- Directions:
A verbatim copy of every record is required, and no pictures should be included.
START Dataset extract
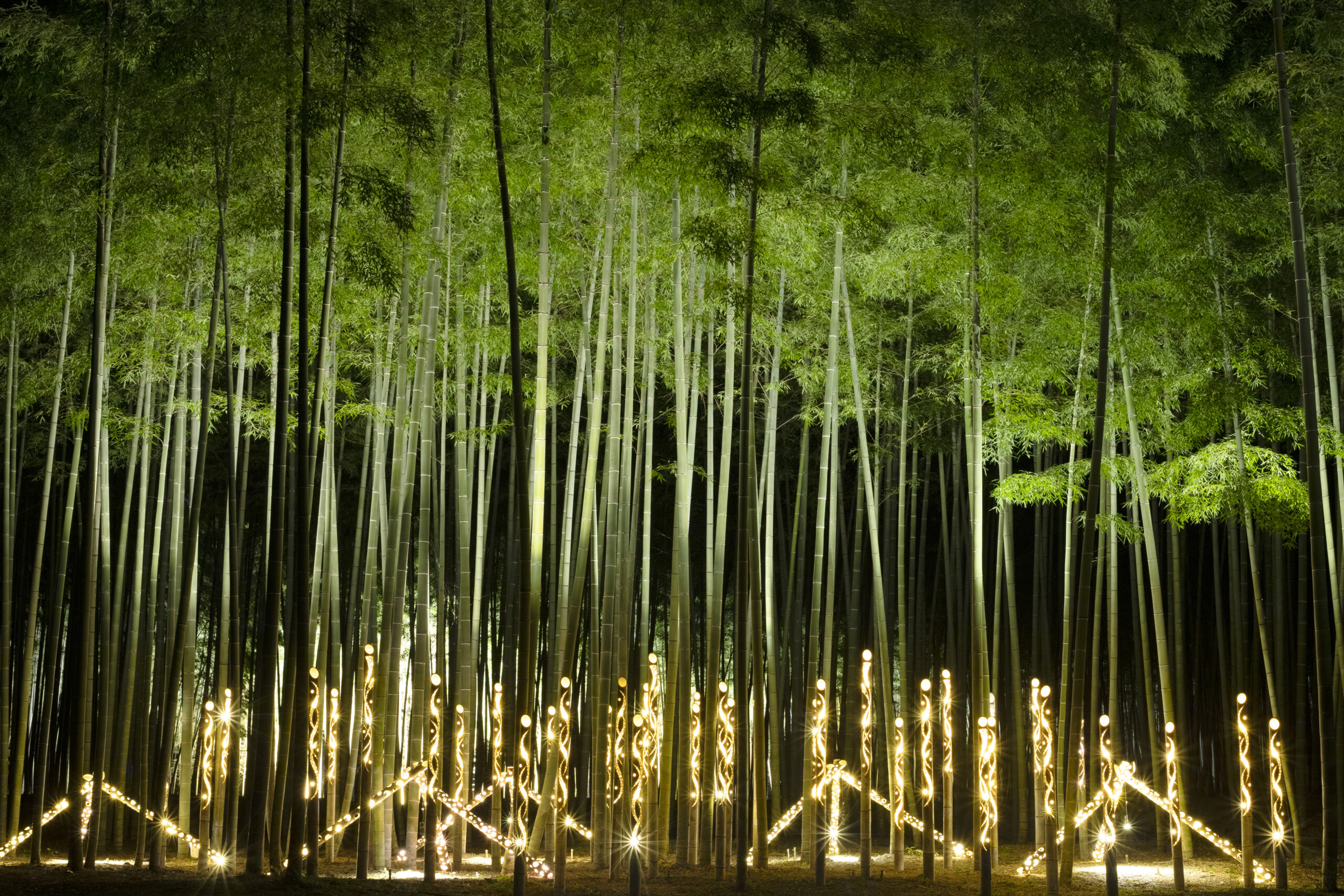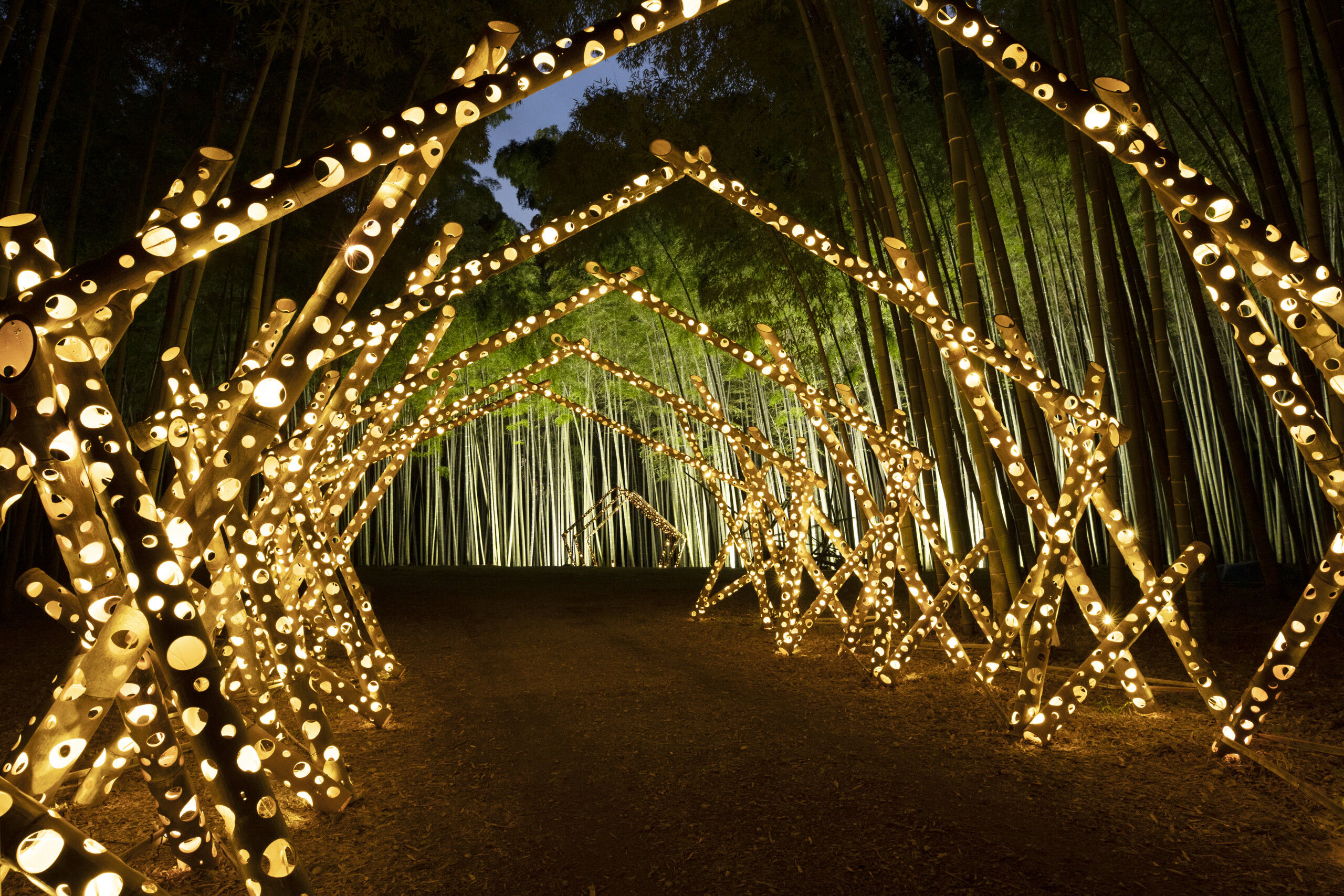 入夜後竹林會點燈,充滿奇幻的景色在眼前一路綿延開來!
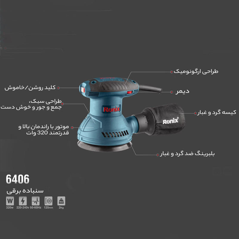 سنباده لرزان 320 وات دیمردار 6406 از طراحی ارگونومیک و وزن سبکی بهره مند است که قابلیت استفاده با یک دست را برای کاربر فراهم می سازد. همچنین برای این دستگاه دسته ای با روکش لاستیکی در نظر گرفته شده که باعث افزایش کنترل کاربر بر روی دستگاه و نیز کاهش خستگی در هنگام کار می شود. از دیگر امکانات این محصول سوئیچ ضد گرد و غبار با روکش پلاستیکی است که با جلوگیری از ورود گرد و غبار به افزایش طول عمر دستگاه کمک می کند. مدل 6406 به همراه کیسه جمع آوری گرد و غبار، یک جفت ذغال و کاغذ سنباده در جعبه طراحی شده توسط رونیکس عرضه می شود.
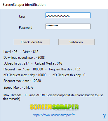 - Login Screenscraper (button): Displays a popup allowing you to enter your username/password on screenscraper. It is preferable (but not mandatory) to create an account on Screenscraper.fr because the latter favors registered users during scraps.
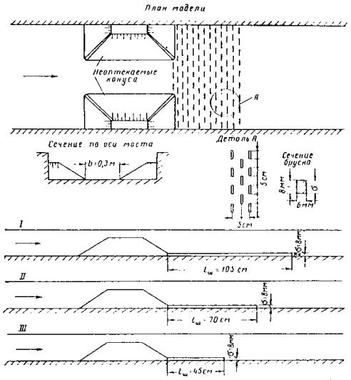 между брусками и отдельными их рядами по Бруски шероховатости сечением 8×12 см устанавливали аналогично указанному на рис. 5. В опытах данной серии через сооружение (мост) пропускали расходы: 5,8; 12,3; 19,8 и 28,3 л/сек. Поток в отводящем русле протекал по схеме свободного истечения, т. е. без подтопления со стороны нижнего бьефа.
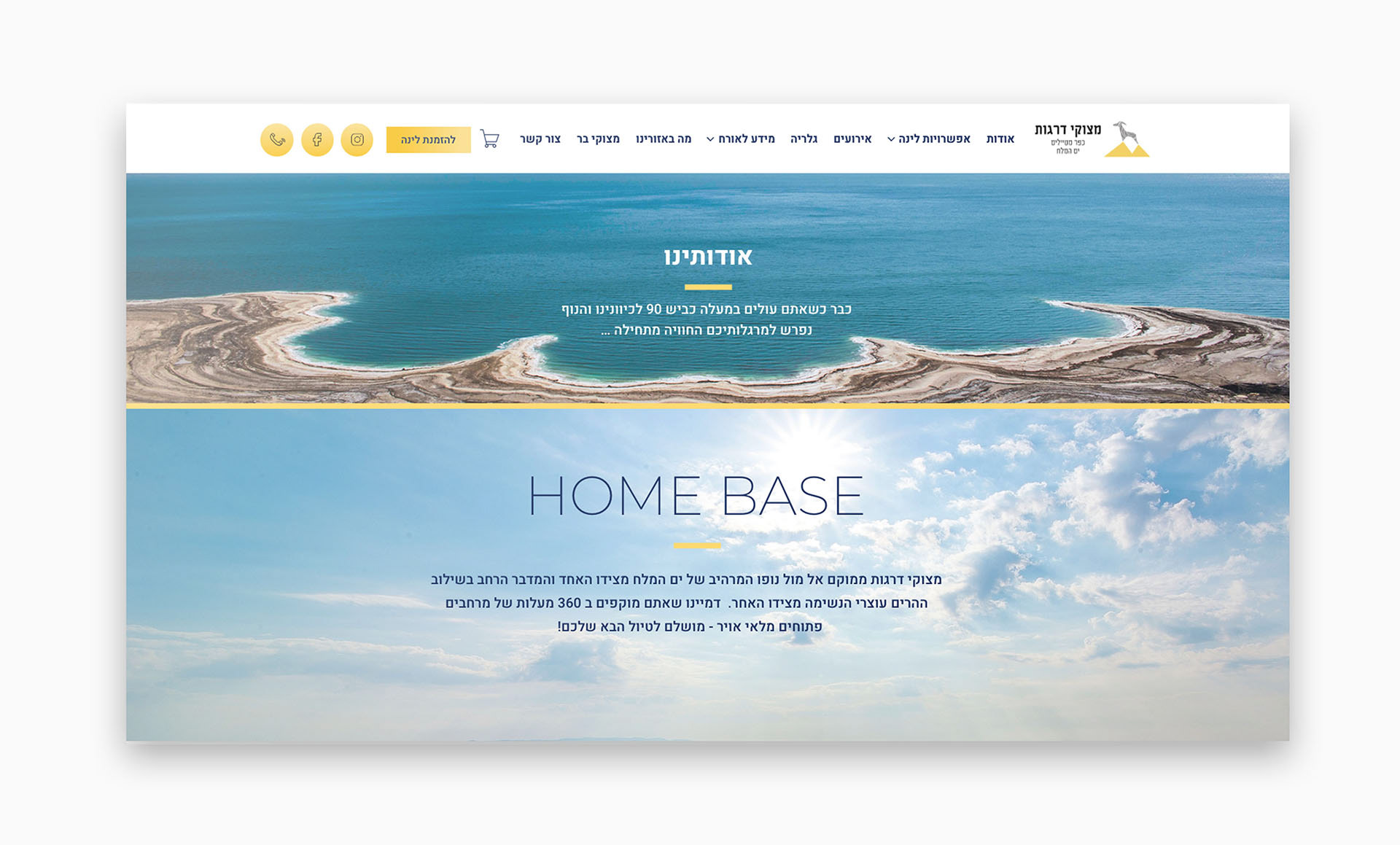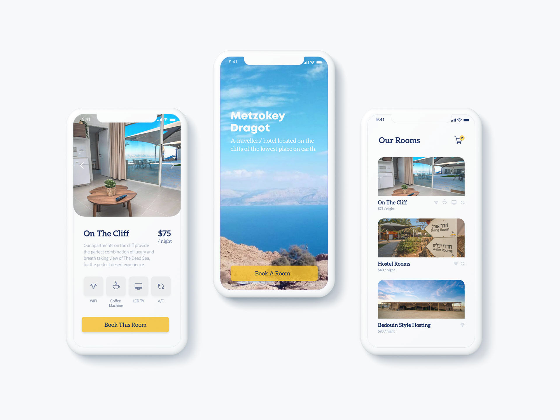 Brand and web design for "Dragot Cliffs", a Dead Sea hotel and lodge. The client wanted the design to show a sense of freedom, and emphasize the breathtaking view from the hotel.
END Dataset extract
- Reply to the task:
 入夜後竹林會點燈,充滿奇幻的景色在眼前一路綿延開來!
 سنباده لرزان 320 وات دیمردار 6406 از طراحی ارگونومیک و وزن سبکی بهره مند است که قابلیت استفاده با یک دست را برای کاربر فراهم می سازد. همچنین برای این دستگاه دسته ای با روکش لاستیکی در نظر گرفته شده که باعث افزایش کنترل کاربر بر روی دستگاه و نیز کاهش خستگی در هنگام کار می شود. از دیگر امکانات این محصول سوئیچ ضد گرد و غبار با روکش پلاستیکی است که با جلوگیری از ورود گرد و غبار به افزایش طول عمر دستگاه کمک می کند. مدل 6406 به همراه کیسه جمع آوری گرد و غبار، یک جفت ذغال و کاغذ سنباده در جعبه طراحی شده توسط رونیکس عرضه می شود.
 - Login Screenscraper (button): Displays a popup allowing you to enter your username/password on screenscraper. It is preferable (but not mandatory) to create an account on Screenscraper.fr because the latter favors registered users during scraps.
 между брусками и отдельными их рядами по Бруски шероховатости сечением 8×12 см устанавливали аналогично указанному на рис. 5. В опытах данной серии через сооружение (мост) пропускали расходы: 5,8; 12,3; 19,8 и 28,3 л/сек. Поток в отводящем русле протекал по схеме свободного истечения, т. е. без подтопления со стороны нижнего бьефа.
 Brand and web design for "Dragot Cliffs", a Dead Sea hotel and lodge. The client wanted the design to show a sense of freedom, and emphasize the breathtaking view from the hotel.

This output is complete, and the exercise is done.